SUPPLIED MATERIAL Block Start

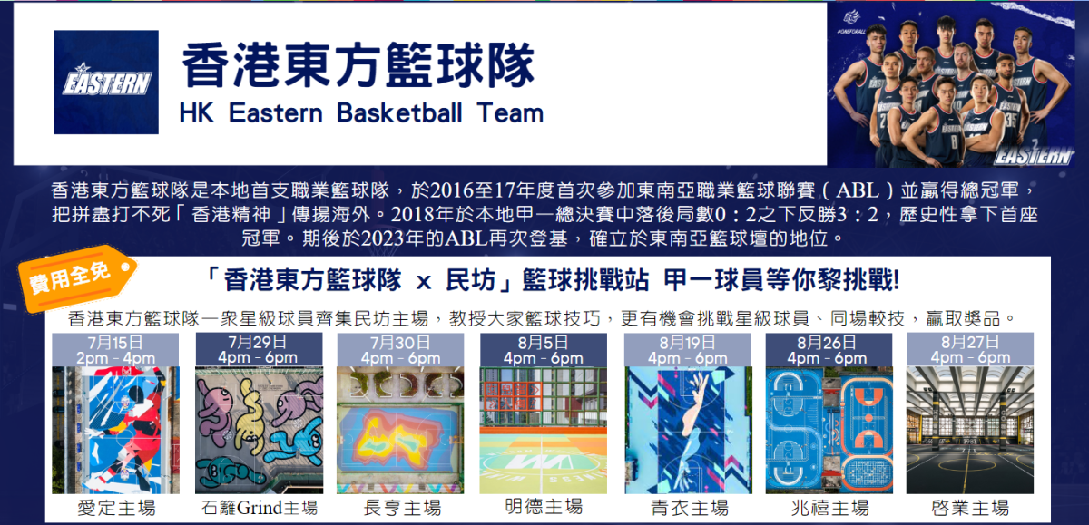 香港東方籃球隊是本地首支職業籃球隊,早於2016至17年度首次參加東南亞職業籃球聯賽(ABL)便贏得總冠軍,把拚盡打不死「香港精神」傳揚海外。球隊2023年ABL再次蟬聯總冠軍,確立東南亞籃球壇的領先地位。民坊與香港東方籃球隊破天荒合作推出首個紀念版籃球產品,顧客可以於7月15日率先在屯門愛定商場以電子消費滿800元(憑最多4張機印收據),即有機會換取「民坊x香港東方籃球隊 」紀念版籃球一個。其它地區的民坊商場亦會陸續展開換取計劃。數量有限,換完即止。
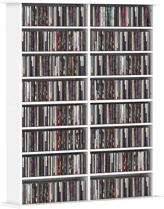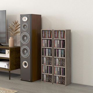 Juego de dos estantes para CD, perfectos para duplicar el espacio en casa o en la oficina. Cada estante tiene 6 estantes, para un total de 204 CD, Blu-rays, videojuegos y libros. Las estanterías son ajustables para adaptarse a tus necesidades. Fabricados en aglomerado resistente, garantizan durabilidad en el uso diario. Equipados con correas anti-vuelco para mayor seguridad. Dimensiones totales: 21L x 22.5P x 88.5A cm, capacidad de peso 15 kg por estante. Montaje requerido. El paquete incluye 2 estantes y un manual.
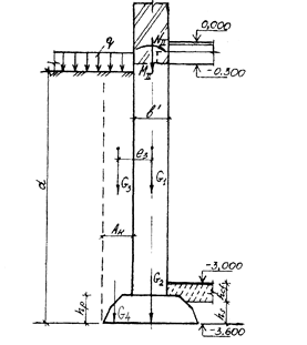 где Gp , lp – соответственно вес и длина фундаментной плиты. Вес грунта на левом уступе фундаментной плиты:
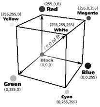В основе лежат излучаемые цвета: красный (RED), зеленый (GREEN), синий (BLUE). Остальные цвета образуются при смешении этих трех основных. Основные цвета принято называть компонентами или каналами. Количество каждой компоненты в цвете определяется числом от 0 до 255.
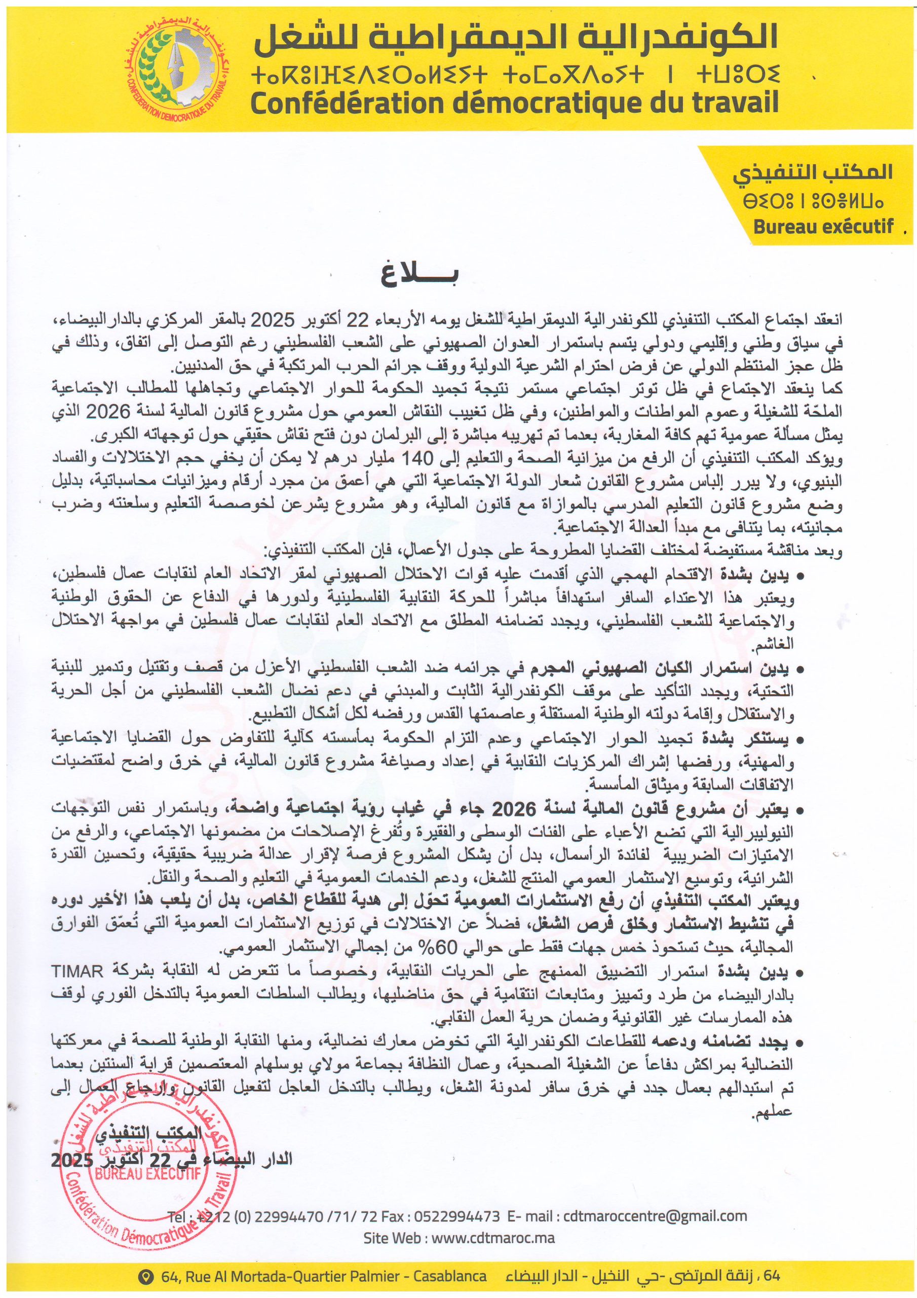 بيانات و بلاغات بلاغ المكتب التنفيذي للكونفدرالية الديمقراطية للشغل بتاريخ 22 أكتوبر2025 أكتوبر 24, 20250 أقل من دقيقة شاركها فيسبوك تويتر واتساب مشاركة عبر البريد طباعة أكتوبر 24, 20250 أقل من دقيقة شاركها فيسبوك تويتر واتساب مشاركة عبر البريد طباعة شاركها فيسبوك تويتر واتساب تيلقرام مشاركة عبر البريد طباعة
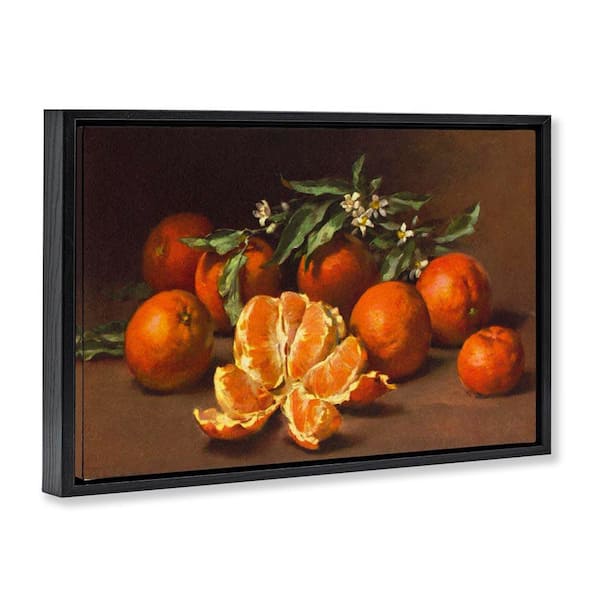 Peeled Oranges Still Life by Tina Higgins Designs, Inc. Black Floater Frame Food Graphic Art Print 17 in. x 25 in.
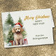 Neste cartão Holiday, um pequeno cão Poodle de damasco senta-se em frente a um fundo de floresta de aquarelas com uma árvore decorada. Os pacotes de presentes amarrados com fita vermelha estão ao seu lado. O texto dourado à direita diz "MERRY CHRISTMAS", com FELIZ ANO NOVO em verde abaixo. Todo o texto, dentro e fora, pode ser facilmente mudado para qualquer coisa que você quiser. Você pode ver mais imagens de poodle, assim como outras imagens e produtos de raças, na Aldeia de Cães.
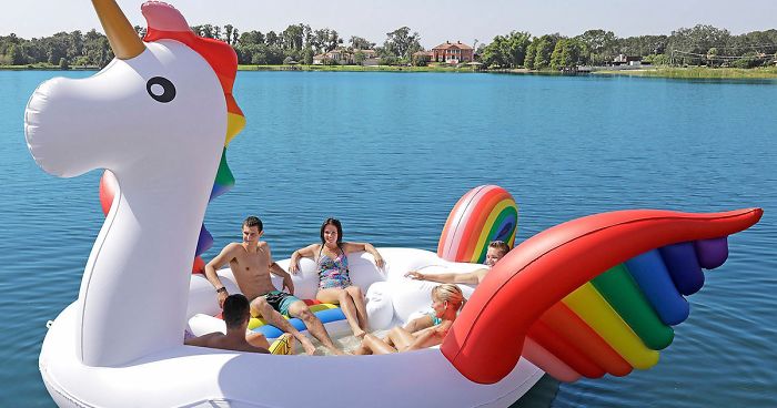 We’ve seen some bizarre inflatable creations in the past, as well as genius inventions that make lives easier, but why limit yourself to regular floating devices when there’s an enormous rainbow unicorn inflatable island available for purchase?
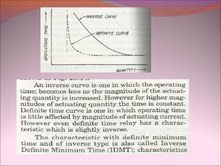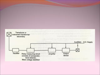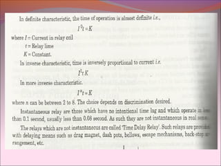 This document discusses various protective relays used in electrical circuits, including electromechanical, solid-state, and microprocessor-controlled types, highlighting their operational mechanisms and applications. It covers important relay characteristics such as selectivity, speed, and sensitivity, alongside specific types of relays like overcurrent, differential, and distance relays. The text further elaborates on the advantages and disadvantages of static and microprocessor-based relays, emphasizing their roles in ensuring system protection and reliability.
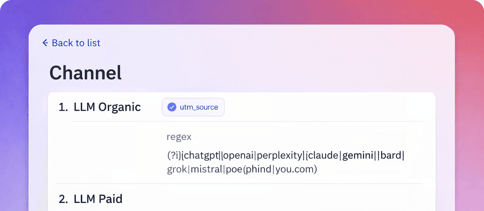 Description: Amplitude’s enhanced out-of-the-box channel classifiers automatically group traffic from sources and referrers like Paid and Organic Search, Email, Affiliates, LLM channels, and more.
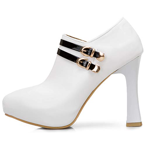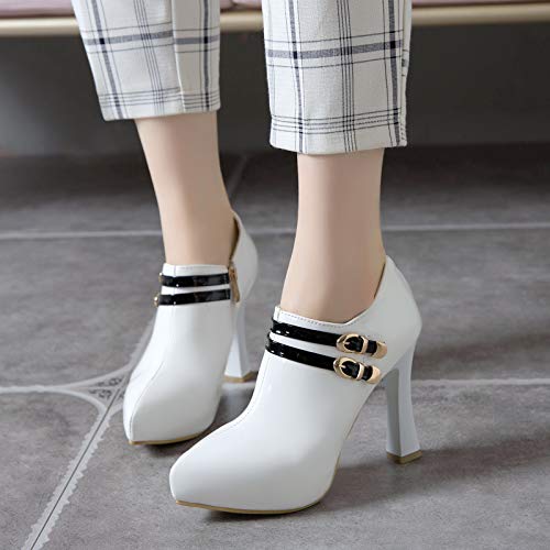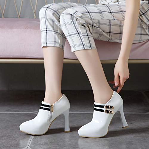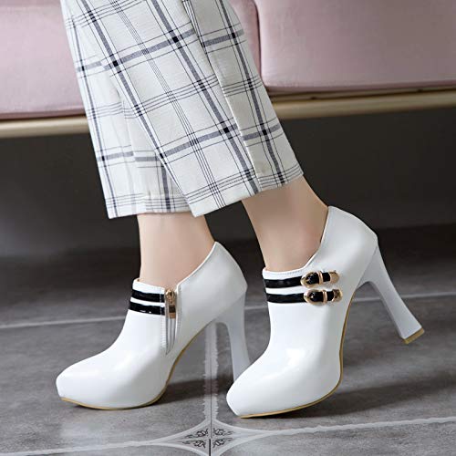 Garggi Mujer Puntiagudo Noche Tacón Alto Botines Cremallera Elegante Fiesta Bride Tacón Ancho Boda Charol Boots Hebilla Blanco Talla 45 EU/47Asiática
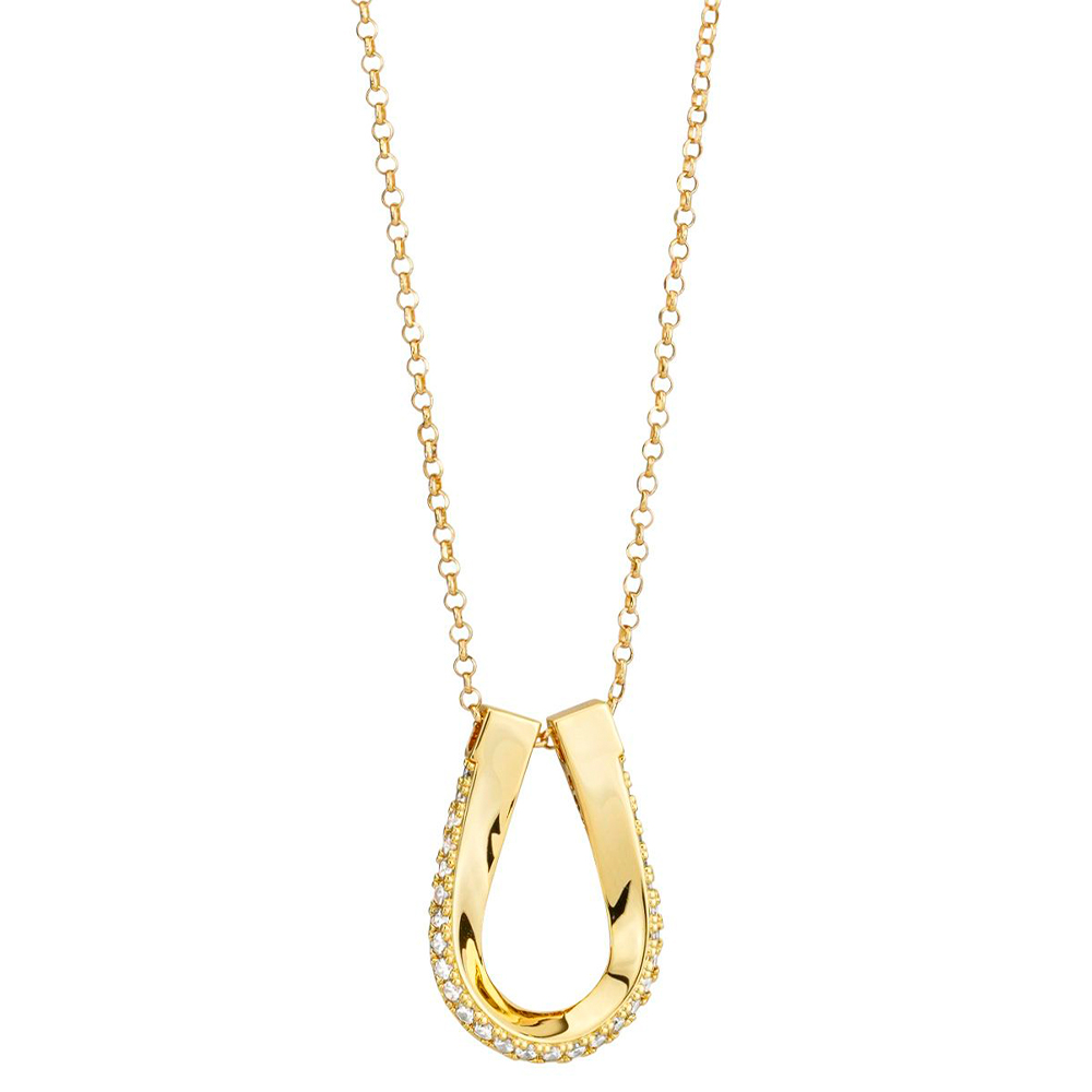 Размер изделия: 44,5 см Масса изделия: 15 г бронза, покрытие золотом, кубический цирконий Колье с подвеской в форме капли, украшенной цирконием. Покрытие золотом. Длина 39 см, с возможностью увеличения до 44,5 см. Размер подвески 3 см.
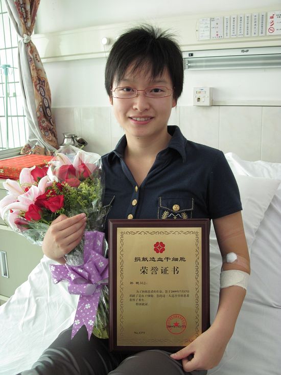 据了解,孙艳入读研究生不久就参加了中国红十字会“自愿捐献造血干细胞公益项目”,成为一名造血干细胞志愿捐献者。2008年12月,中国造血干细胞捐献者资料库广东省管理中心通知孙艳与一名白血病患者的移植基因完全相合,孙艳毫不犹豫地答应捐赠造血干细胞。她认为,捐献造血干细胞并不是一件特别艰难的事,只要多一点勇气,多一分爱心,许多人都能做到,“我只是做了一件很平常的事,如果我的血液能挽救别人的生命,将是一件无比幸福的事,我感到很欣慰!”(梁柱)

SUPPLIED MATERIAL Block End

• _PROBLEM TO WORK ON_: In the copy, include each entry exactly as written and none of the pictures.

• _TASK OUTPUT_:
 香港東方籃球隊是本地首支職業籃球隊,早於2016至17年度首次參加東南亞職業籃球聯賽(ABL)便贏得總冠軍,把拚盡打不死「香港精神」傳揚海外。球隊2023年ABL再次蟬聯總冠軍,確立東南亞籃球壇的領先地位。民坊與香港東方籃球隊破天荒合作推出首個紀念版籃球產品,顧客可以於7月15日率先在屯門愛定商場以電子消費滿800元(憑最多4張機印收據),即有機會換取「民坊x香港東方籃球隊 」紀念版籃球一個。其它地區的民坊商場亦會陸續展開換取計劃。數量有限,換完即止。
 Juego de dos estantes para CD, perfectos para duplicar el espacio en casa o en la oficina. Cada estante tiene 6 estantes, para un total de 204 CD, Blu-rays, videojuegos y libros. Las estanterías son ajustables para adaptarse a tus necesidades. Fabricados en aglomerado resistente, garantizan durabilidad en el uso diario. Equipados con correas anti-vuelco para mayor seguridad. Dimensiones totales: 21L x 22.5P x 88.5A cm, capacidad de peso 15 kg por estante. Montaje requerido. El paquete incluye 2 estantes y un manual.
 где Gp , lp – соответственно вес и длина фундаментной плиты. Вес грунта на левом уступе фундаментной плиты:
В основе лежат излучаемые цвета: красный (RED), зеленый (GREEN), синий (BLUE). Остальные цвета образуются при смешении этих трех основных. Основные цвета принято называть компонентами или каналами. Количество каждой компоненты в цвете определяется числом от 0 до 255.
 بيانات و بلاغات بلاغ المكتب التنفيذي للكونفدرالية الديمقراطية للشغل بتاريخ 22 أكتوبر2025 أكتوبر 24, 20250 أقل من دقيقة شاركها فيسبوك تويتر واتساب مشاركة عبر البريد طباعة أكتوبر 24, 20250 أقل من دقيقة شاركها فيسبوك تويتر واتساب مشاركة عبر البريد طباعة شاركها فيسبوك تويتر واتساب تيلقرام مشاركة عبر البريد طباعة
 Peeled Oranges Still Life by Tina Higgins Designs, Inc. Black Floater Frame Food Graphic Art Print 17 in. x 25 in.
 Neste cartão Holiday, um pequeno cão Poodle de damasco senta-se em frente a um fundo de floresta de aquarelas com uma árvore decorada. Os pacotes de presentes amarrados com fita vermelha estão ao seu lado. O texto dourado à direita diz "MERRY CHRISTMAS", com FELIZ ANO NOVO em verde abaixo. Todo o texto, dentro e fora, pode ser facilmente mudado para qualquer coisa que você quiser. Você pode ver mais imagens de poodle, assim como outras imagens e produtos de raças, na Aldeia de Cães.
 We’ve seen some bizarre inflatable creations in the past, as well as genius inventions that make lives easier, but why limit yourself to regular floating devices when there’s an enormous rainbow unicorn inflatable island available for purchase?
 This document discusses various protective relays used in electrical circuits, including electromechanical, solid-state, and microprocessor-controlled types, highlighting their operational mechanisms and applications. It covers important relay characteristics such as selectivity, speed, and sensitivity, alongside specific types of relays like overcurrent, differential, and distance relays. The text further elaborates on the advantages and disadvantages of static and microprocessor-based relays, emphasizing their roles in ensuring system protection and reliability.
 Description: Amplitude’s enhanced out-of-the-box channel classifiers automatically group traffic from sources and referrers like Paid and Organic Search, Email, Affiliates, LLM channels, and more.
 Garggi Mujer Puntiagudo Noche Tacón Alto Botines Cremallera Elegante Fiesta Bride Tacón Ancho Boda Charol Boots Hebilla Blanco Talla 45 EU/47Asiática
 Размер изделия: 44,5 см Масса изделия: 15 г бронза, покрытие золотом, кубический цирконий Колье с подвеской в форме капли, украшенной цирконием. Покрытие золотом. Длина 39 см, с возможностью увеличения до 44,5 см. Размер подвески 3 см.
 据了解,孙艳入读研究生不久就参加了中国红十字会“自愿捐献造血干细胞公益项目”,成为一名造血干细胞志愿捐献者。2008年12月,中国造血干细胞捐献者资料库广东省管理中心通知孙艳与一名白血病患者的移植基因完全相合,孙艳毫不犹豫地答应捐赠造血干细胞。她认为,捐献造血干细胞并不是一件特别艰难的事,只要多一点勇气,多一分爱心,许多人都能做到,“我只是做了一件很平常的事,如果我的血液能挽救别人的生命,将是一件无比幸福的事,我感到很欣慰!”(梁柱)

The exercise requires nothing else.